Pictures are to be left out, and only the lines from the one with "Önfelállító egyrétegű sátor" through the last line of the listing below are to be repeated exactly.

________

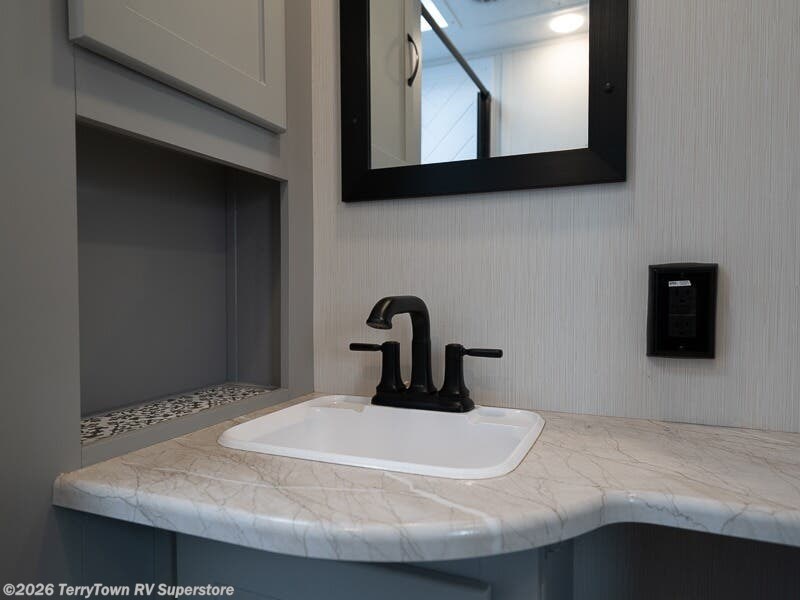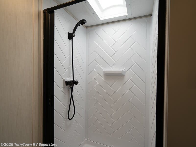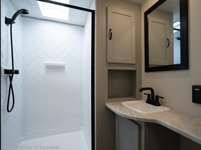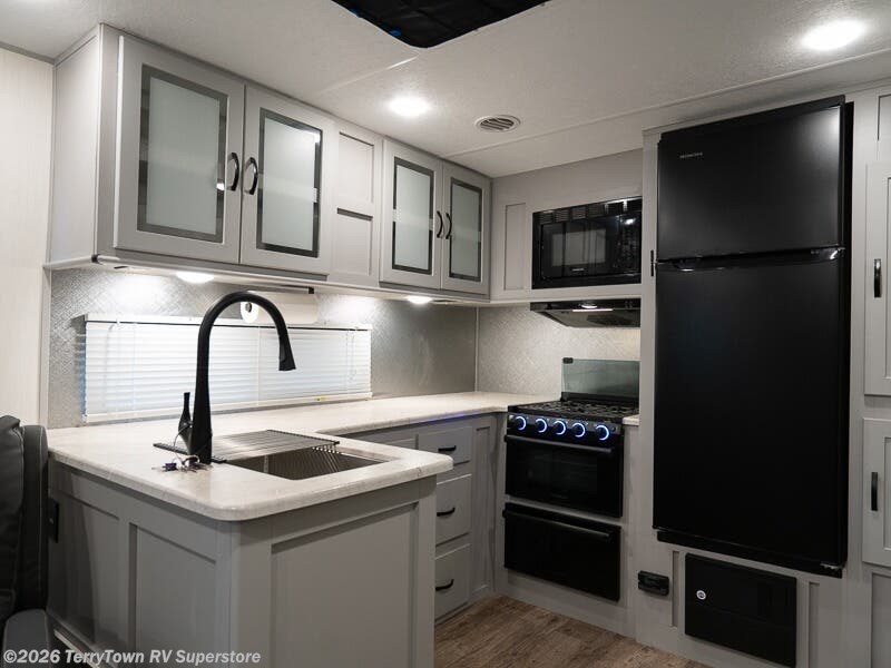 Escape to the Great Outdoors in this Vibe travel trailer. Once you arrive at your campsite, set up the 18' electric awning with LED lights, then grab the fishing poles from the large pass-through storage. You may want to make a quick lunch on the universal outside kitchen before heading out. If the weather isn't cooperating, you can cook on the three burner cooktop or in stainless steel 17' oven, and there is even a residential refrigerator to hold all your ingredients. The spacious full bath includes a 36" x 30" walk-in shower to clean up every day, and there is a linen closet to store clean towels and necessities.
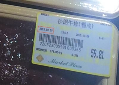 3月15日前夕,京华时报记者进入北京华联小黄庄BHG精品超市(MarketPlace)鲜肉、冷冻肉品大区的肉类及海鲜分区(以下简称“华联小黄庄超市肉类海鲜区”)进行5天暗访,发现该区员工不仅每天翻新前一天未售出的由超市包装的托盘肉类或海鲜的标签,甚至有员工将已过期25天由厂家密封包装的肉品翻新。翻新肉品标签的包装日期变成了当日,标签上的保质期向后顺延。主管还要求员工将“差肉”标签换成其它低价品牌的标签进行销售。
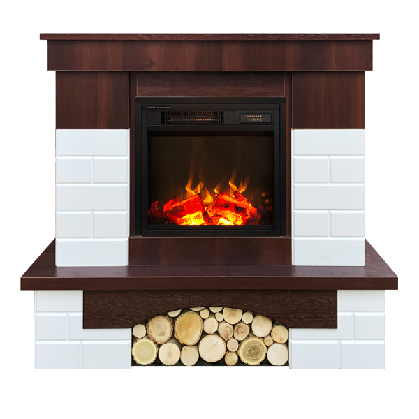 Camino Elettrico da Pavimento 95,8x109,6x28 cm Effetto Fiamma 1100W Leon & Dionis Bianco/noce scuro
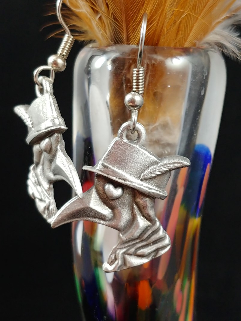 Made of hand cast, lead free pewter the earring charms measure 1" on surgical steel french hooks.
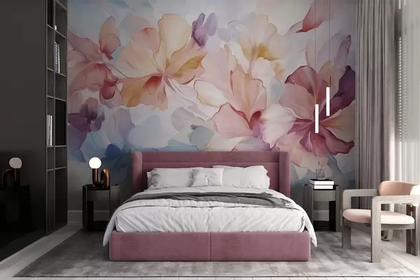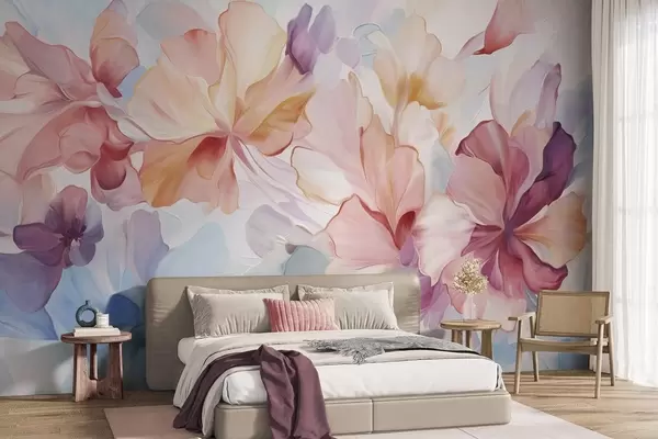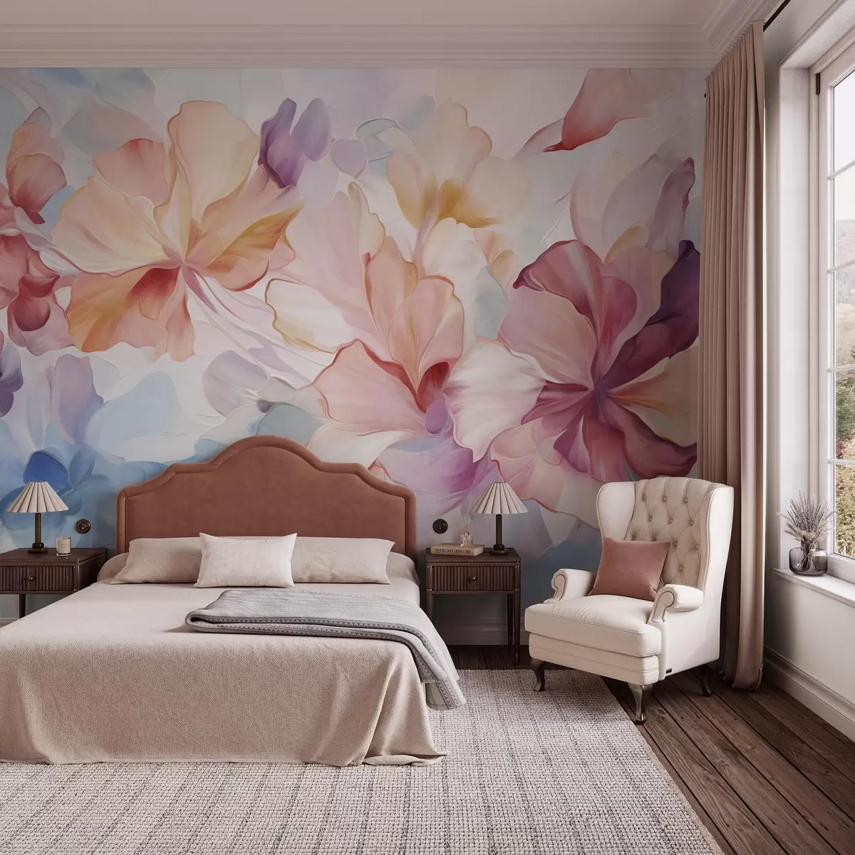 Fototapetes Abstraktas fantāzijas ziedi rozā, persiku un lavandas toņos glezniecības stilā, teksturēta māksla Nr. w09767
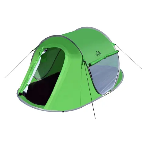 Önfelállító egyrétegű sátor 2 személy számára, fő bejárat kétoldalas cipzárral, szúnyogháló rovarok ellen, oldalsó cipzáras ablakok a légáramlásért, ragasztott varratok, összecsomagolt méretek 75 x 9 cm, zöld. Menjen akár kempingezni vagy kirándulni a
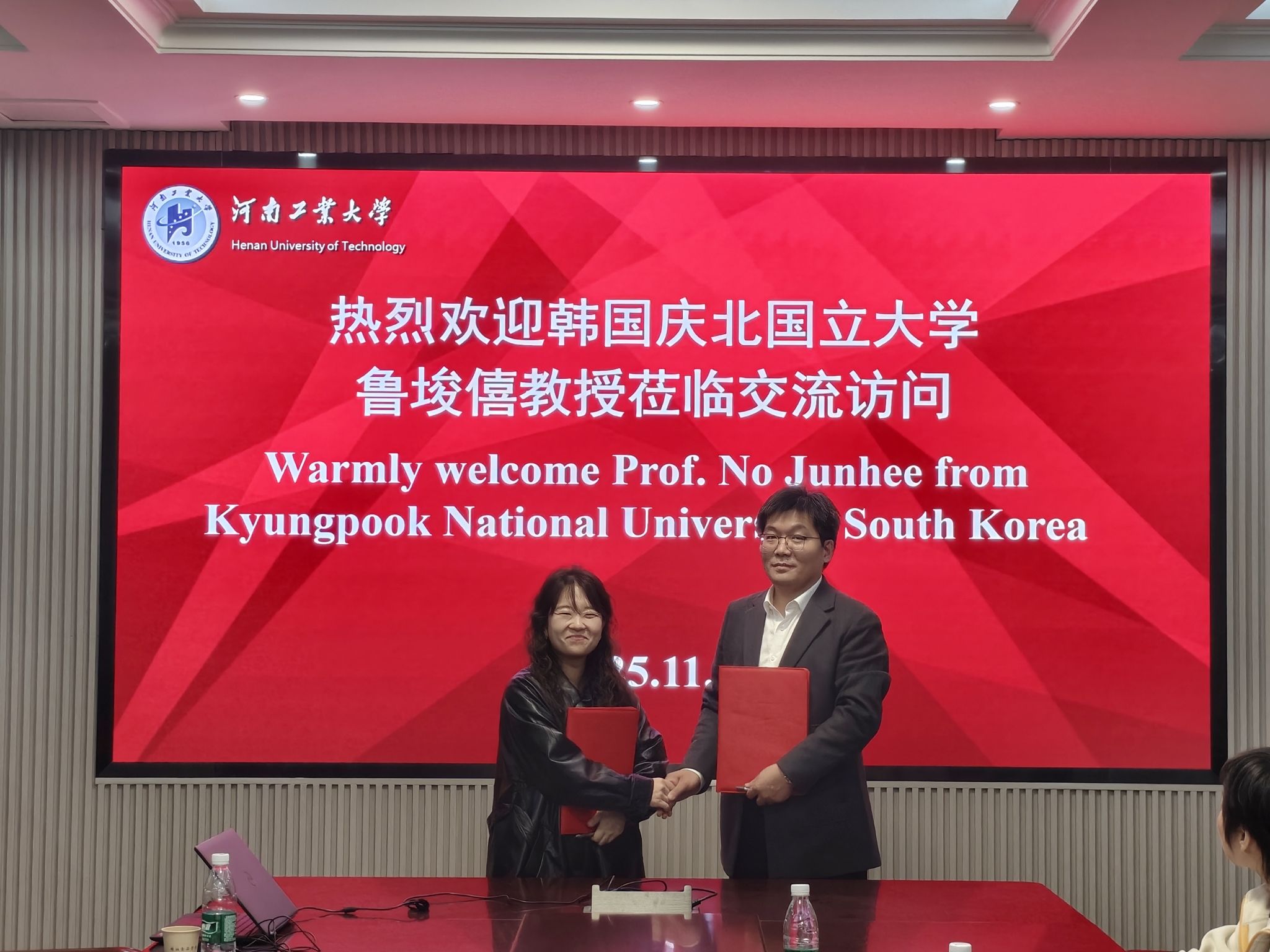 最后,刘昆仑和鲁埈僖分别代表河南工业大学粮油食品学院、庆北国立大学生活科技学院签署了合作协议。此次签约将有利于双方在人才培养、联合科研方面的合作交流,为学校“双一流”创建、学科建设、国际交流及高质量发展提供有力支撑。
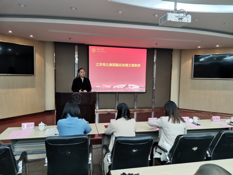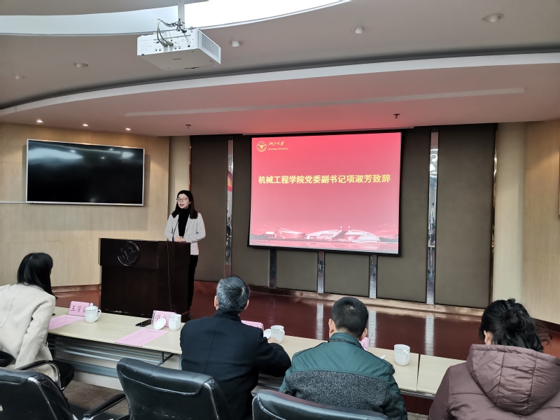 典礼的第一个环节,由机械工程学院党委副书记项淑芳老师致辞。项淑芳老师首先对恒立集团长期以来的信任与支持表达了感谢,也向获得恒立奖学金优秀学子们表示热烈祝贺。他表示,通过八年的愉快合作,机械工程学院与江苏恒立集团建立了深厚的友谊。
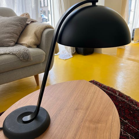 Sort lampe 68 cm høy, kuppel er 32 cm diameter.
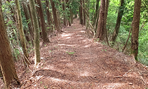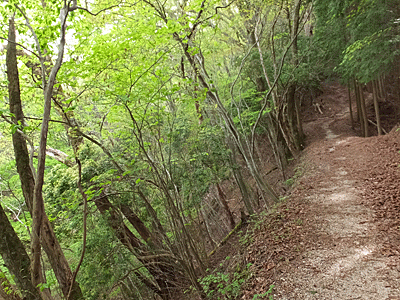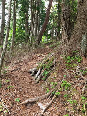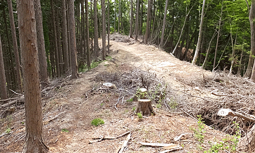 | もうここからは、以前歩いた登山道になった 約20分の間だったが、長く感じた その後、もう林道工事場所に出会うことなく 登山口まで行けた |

________

● **Answer**
 Önfelállító egyrétegű sátor 2 személy számára, fő bejárat kétoldalas cipzárral, szúnyogháló rovarok ellen, oldalsó cipzáras ablakok a légáramlásért, ragasztott varratok, összecsomagolt méretek 75 x 9 cm, zöld. Menjen akár kempingezni vagy kirándulni a
 最后,刘昆仑和鲁埈僖分别代表河南工业大学粮油食品学院、庆北国立大学生活科技学院签署了合作协议。此次签约将有利于双方在人才培养、联合科研方面的合作交流,为学校“双一流”创建、学科建设、国际交流及高质量发展提供有力支撑。
 典礼的第一个环节,由机械工程学院党委副书记项淑芳老师致辞。项淑芳老师首先对恒立集团长期以来的信任与支持表达了感谢,也向获得恒立奖学金优秀学子们表示热烈祝贺。他表示,通过八年的愉快合作,机械工程学院与江苏恒立集团建立了深厚的友谊。
 Sort lampe 68 cm høy, kuppel er 32 cm diameter.
 | もうここからは、以前歩いた登山道になった 約20分の間だったが、長く感じた その後、もう林道工事場所に出会うことなく 登山口まで行けた |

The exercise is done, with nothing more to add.